Your instructions —
Repeat the data that follows exactly, starting at the line with "A fluffy grey" and ending at the line with "Rugelach, just like", and leave out every picture.

Study material —
'''
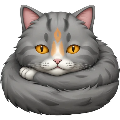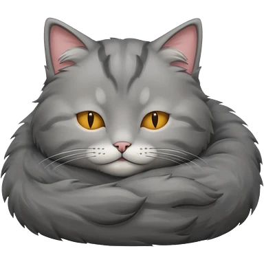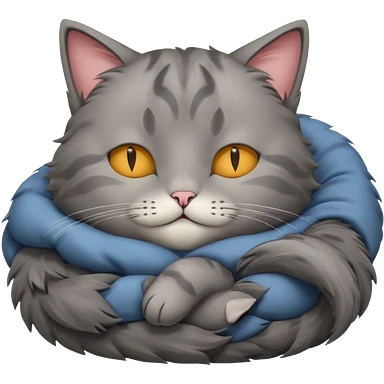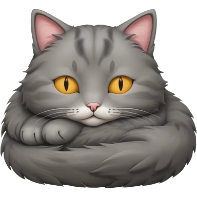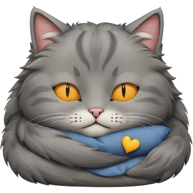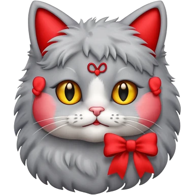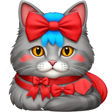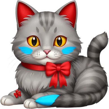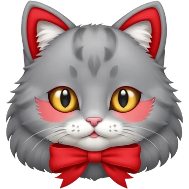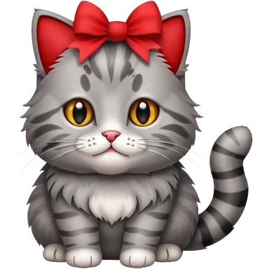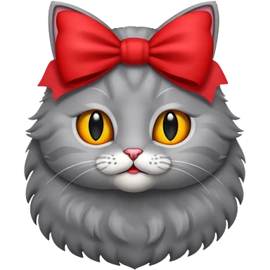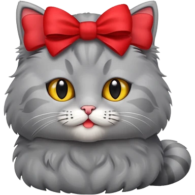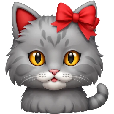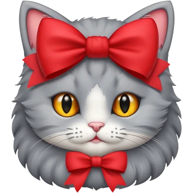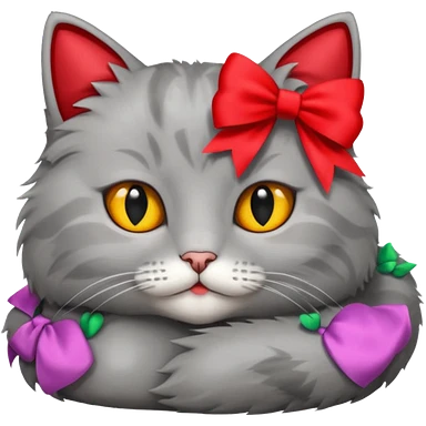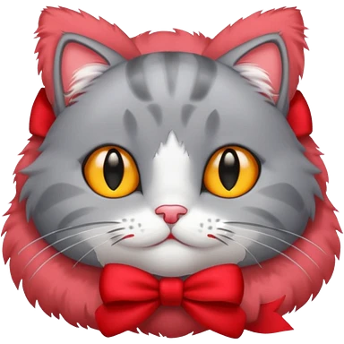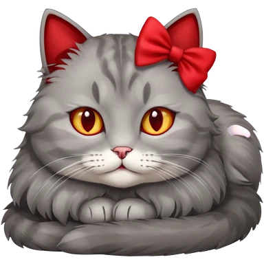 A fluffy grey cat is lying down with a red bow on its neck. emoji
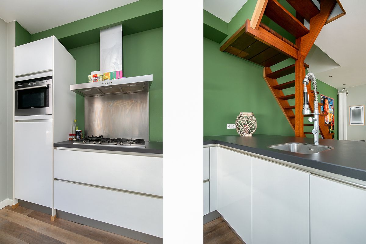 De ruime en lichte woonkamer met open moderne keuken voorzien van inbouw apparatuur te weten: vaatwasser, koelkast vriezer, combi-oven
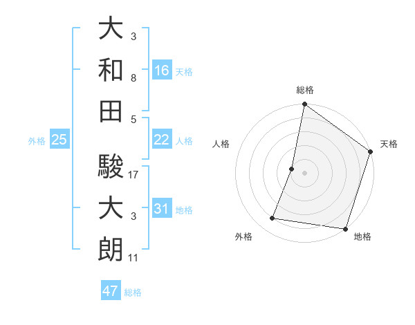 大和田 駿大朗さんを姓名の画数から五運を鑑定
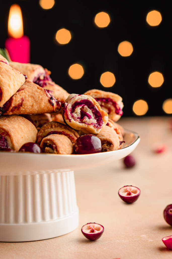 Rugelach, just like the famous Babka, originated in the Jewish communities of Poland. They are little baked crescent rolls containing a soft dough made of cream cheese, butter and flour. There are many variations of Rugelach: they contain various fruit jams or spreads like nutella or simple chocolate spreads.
'''
'''
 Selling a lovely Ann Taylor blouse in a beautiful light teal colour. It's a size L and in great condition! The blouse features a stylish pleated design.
'''
'''
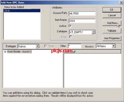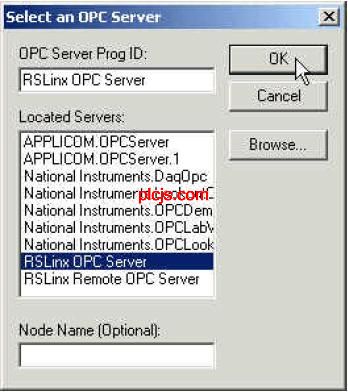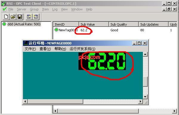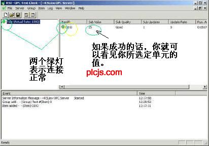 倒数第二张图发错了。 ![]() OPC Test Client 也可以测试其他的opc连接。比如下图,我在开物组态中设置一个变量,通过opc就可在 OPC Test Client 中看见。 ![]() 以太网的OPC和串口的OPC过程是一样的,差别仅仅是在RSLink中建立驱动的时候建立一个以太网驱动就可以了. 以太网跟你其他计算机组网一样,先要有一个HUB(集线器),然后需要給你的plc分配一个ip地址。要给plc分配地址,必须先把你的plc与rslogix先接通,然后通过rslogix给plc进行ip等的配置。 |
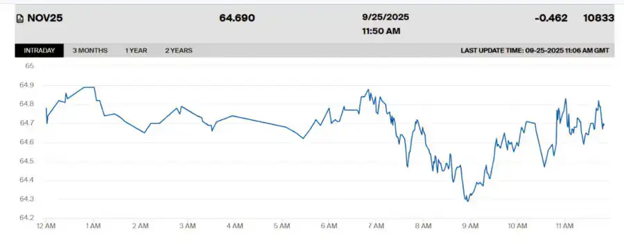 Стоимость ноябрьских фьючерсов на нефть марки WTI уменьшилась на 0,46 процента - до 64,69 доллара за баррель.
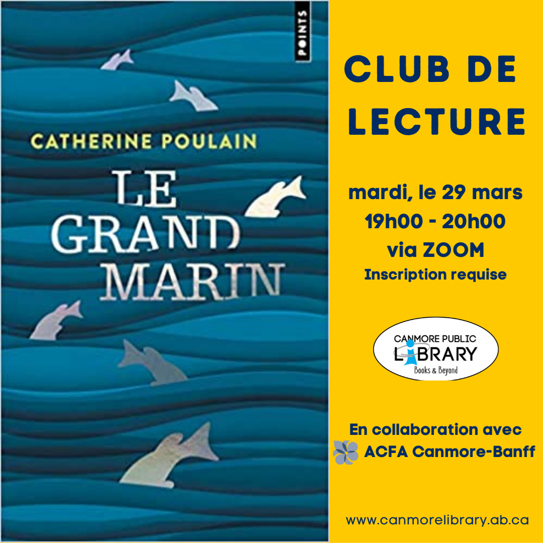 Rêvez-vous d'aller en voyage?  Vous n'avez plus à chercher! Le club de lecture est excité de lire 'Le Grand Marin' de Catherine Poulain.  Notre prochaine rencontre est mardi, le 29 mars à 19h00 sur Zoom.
'''
Answer for this exercise —
 A fluffy grey cat is lying down with a red bow on its neck. emoji
 De ruime en lichte woonkamer met open moderne keuken voorzien van inbouw apparatuur te weten: vaatwasser, koelkast vriezer, combi-oven
 大和田 駿大朗さんを姓名の画数から五運を鑑定
 Rugelach, just like the famous Babka, originated in the Jewish communities of Poland. They are little baked crescent rolls containing a soft dough made of cream cheese, butter and flour. There are many variations of Rugelach: they contain various fruit jams or spreads like nutella or simple chocolate spreads.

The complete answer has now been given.